All they need to do is prevent Muslims from Islamicizing America. Thus, in 2010, Newt Gingrich called the adoption of Sharia “a mortal threat to the survival of freedom in the United States.” To prevent an “attempt to gradually ease Sharia law and the Muslim faith into our government,” the GOP presidential candidate Herman Cain vowed in 2011 not to appoint any Muslims to his Cabinet. In 2012, five Republican members of Congress sent a letter to the State Department’s deputy inspector general suggesting that Hillary Clinton’s aide Huma Abedin, who is Muslim, had influenced the State Department on behalf of the Muslim Brotherhood.

The right’s new focus on the danger that Muslims allegedly pose at home is McCarthyite in a very specific sense. In the late 1940s and early 1950s, conservatives were deeply frightened by communism overseas. But many of them also worried that the Truman administration’s military spending was creating budget deficits and that America’s entrance into NATO (and later the Korean War) was undermining American sovereignty.

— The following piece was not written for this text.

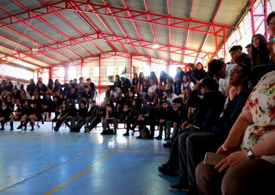 El alumno de Segundo Medio B Benjamín Solorza del ex- INFESUCO, aseveró: “El acto me pareció genial porque está bien compartir el soul, las baladas, cumbias y todo eso, ya que es bueno dar a conocer canciones que ahora no se escuchan mucho. Los cabros tocaron súper bien y me gustaría que se repitiera con un acto en el que participe todo el colegio, porque se seleccionaron algunos cursos. Felicitaciones, les salió muy bien, se nota que les gusta lo que hacen porque estaban todos prendidos”.

By hunting alleged communists in the State Department, and thereby suggesting that the real threat lay not overseas but at home, Joseph McCarthy reconciled those concerns. “The reason why we find ourselves in a position of impotency is not because our only powerful potential enemy has sent men to invade our shores,” he declared in his infamous Wheeling, West Virginia, speech in February 1950, “but rather because of the traitorous actions of those who have been treated so well by this nation.” By suggesting that the real Islamic threat lies at home, today’s conservatives are saying much the same thing.

He also cites the conservative fear of "a war on christianity". And since they can't demonize the feminists and gays as much as they did, they blame Muslims. This is probably why the GOP establishment is mad with Trump for bringing the discussion back to Mexicans. They already had someone to blame, now they're stuck demonizing the biggest growing segment of the voting population.